▶ [Your goal]
Reproduce from the records below, with no pictures, exactly the lines between the one containing "Petit service à" and the one containing "Qianqu Bean Pure", inclusive.

▶ [Material provided]
* * *

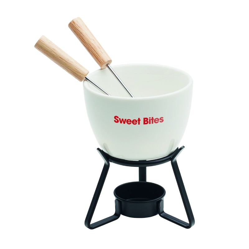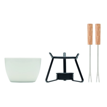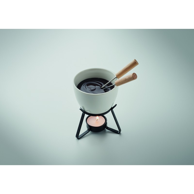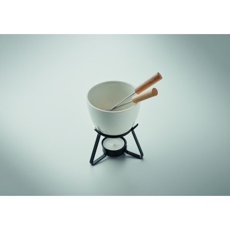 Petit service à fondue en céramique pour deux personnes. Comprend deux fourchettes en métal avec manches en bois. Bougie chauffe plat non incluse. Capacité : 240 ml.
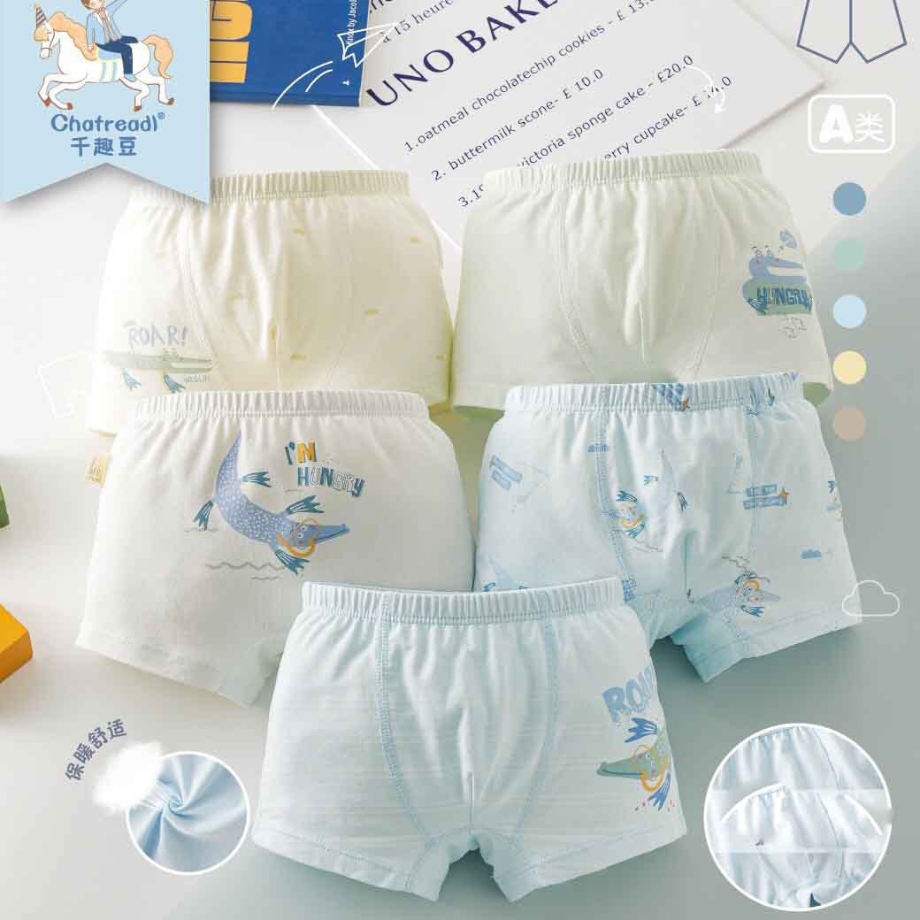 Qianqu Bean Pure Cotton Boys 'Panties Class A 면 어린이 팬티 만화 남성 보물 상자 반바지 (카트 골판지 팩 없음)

* * *

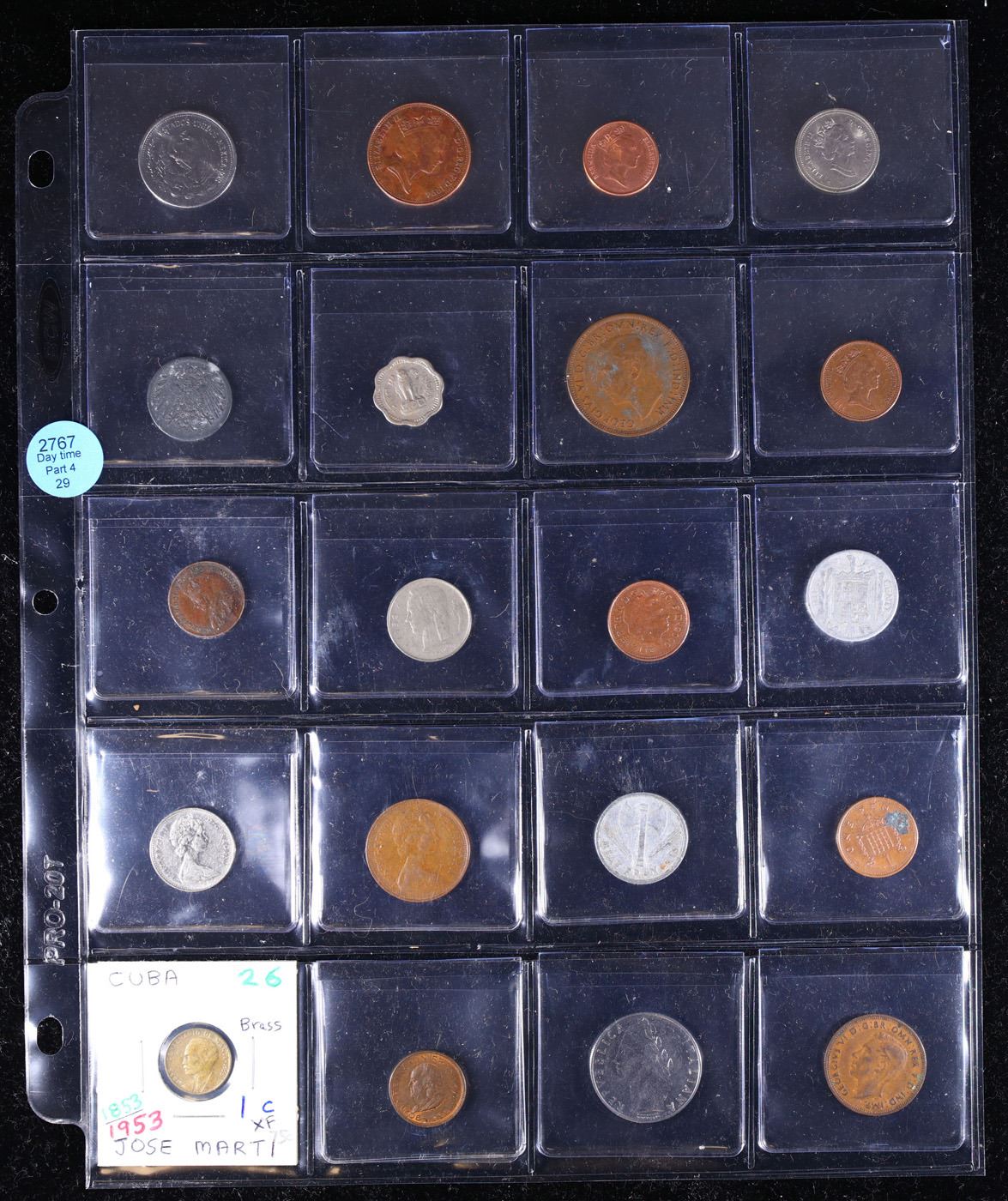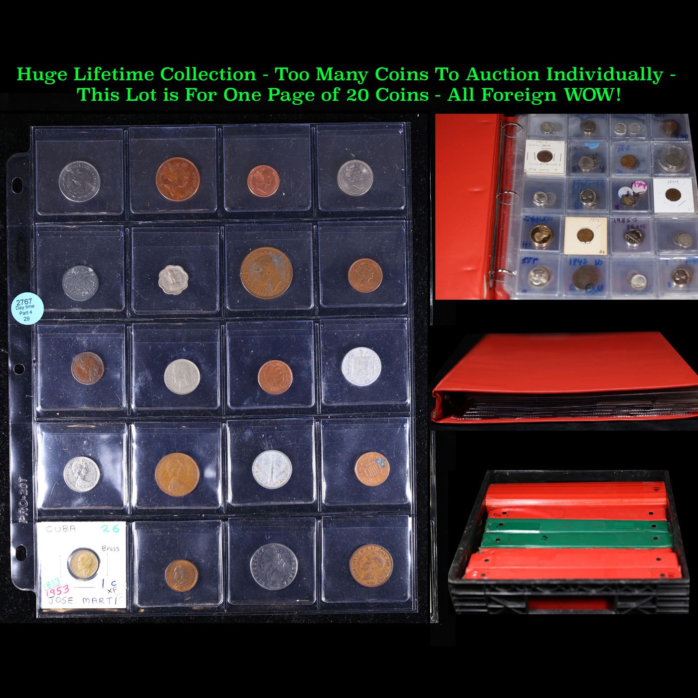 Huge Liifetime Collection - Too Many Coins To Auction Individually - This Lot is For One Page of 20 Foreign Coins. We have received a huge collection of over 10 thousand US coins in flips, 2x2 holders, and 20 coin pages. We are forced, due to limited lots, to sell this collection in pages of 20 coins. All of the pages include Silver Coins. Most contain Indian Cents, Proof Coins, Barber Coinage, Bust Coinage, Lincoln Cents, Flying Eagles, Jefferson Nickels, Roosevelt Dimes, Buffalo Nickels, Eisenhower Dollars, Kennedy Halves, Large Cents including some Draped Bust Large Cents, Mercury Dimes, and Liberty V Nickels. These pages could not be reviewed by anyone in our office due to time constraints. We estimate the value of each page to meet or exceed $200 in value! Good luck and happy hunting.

* * *

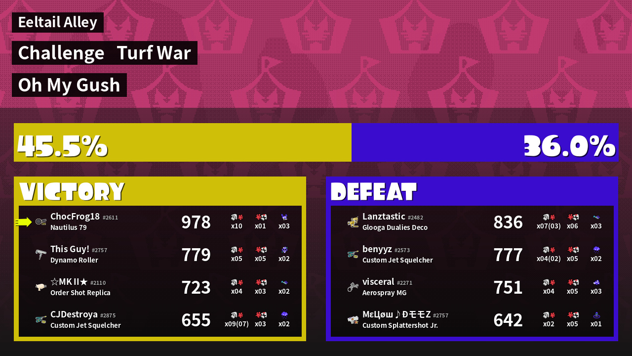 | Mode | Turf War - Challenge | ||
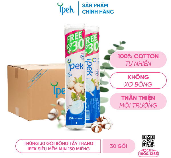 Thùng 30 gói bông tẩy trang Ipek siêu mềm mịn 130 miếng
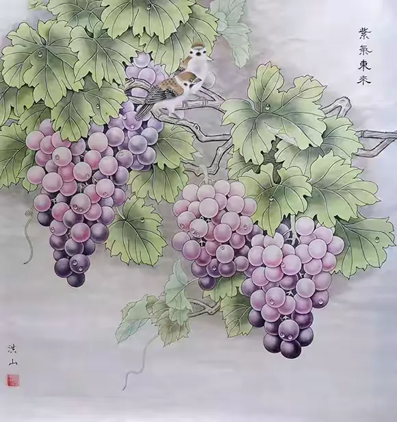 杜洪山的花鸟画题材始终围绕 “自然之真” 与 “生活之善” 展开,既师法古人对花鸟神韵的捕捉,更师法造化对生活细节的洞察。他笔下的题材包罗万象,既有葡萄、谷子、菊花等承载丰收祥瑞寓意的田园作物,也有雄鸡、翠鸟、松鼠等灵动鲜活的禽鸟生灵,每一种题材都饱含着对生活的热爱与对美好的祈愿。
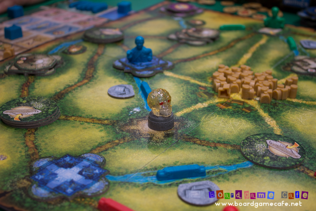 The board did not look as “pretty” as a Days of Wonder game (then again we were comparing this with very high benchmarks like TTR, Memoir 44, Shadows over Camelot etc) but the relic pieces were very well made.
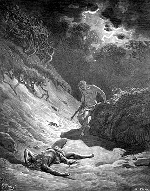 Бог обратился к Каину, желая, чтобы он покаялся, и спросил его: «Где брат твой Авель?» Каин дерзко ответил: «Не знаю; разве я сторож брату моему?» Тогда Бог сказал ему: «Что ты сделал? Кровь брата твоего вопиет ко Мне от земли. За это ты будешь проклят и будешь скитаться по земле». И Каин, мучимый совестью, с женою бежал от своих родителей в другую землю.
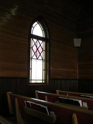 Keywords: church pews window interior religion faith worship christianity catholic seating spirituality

* * *

▶ [Solution to this task]
 Petit service à fondue en céramique pour deux personnes. Comprend deux fourchettes en métal avec manches en bois. Bougie chauffe plat non incluse. Capacité : 240 ml.
 Qianqu Bean Pure Cotton Boys 'Panties Class A 면 어린이 팬티 만화 남성 보물 상자 반바지 (카트 골판지 팩 없음)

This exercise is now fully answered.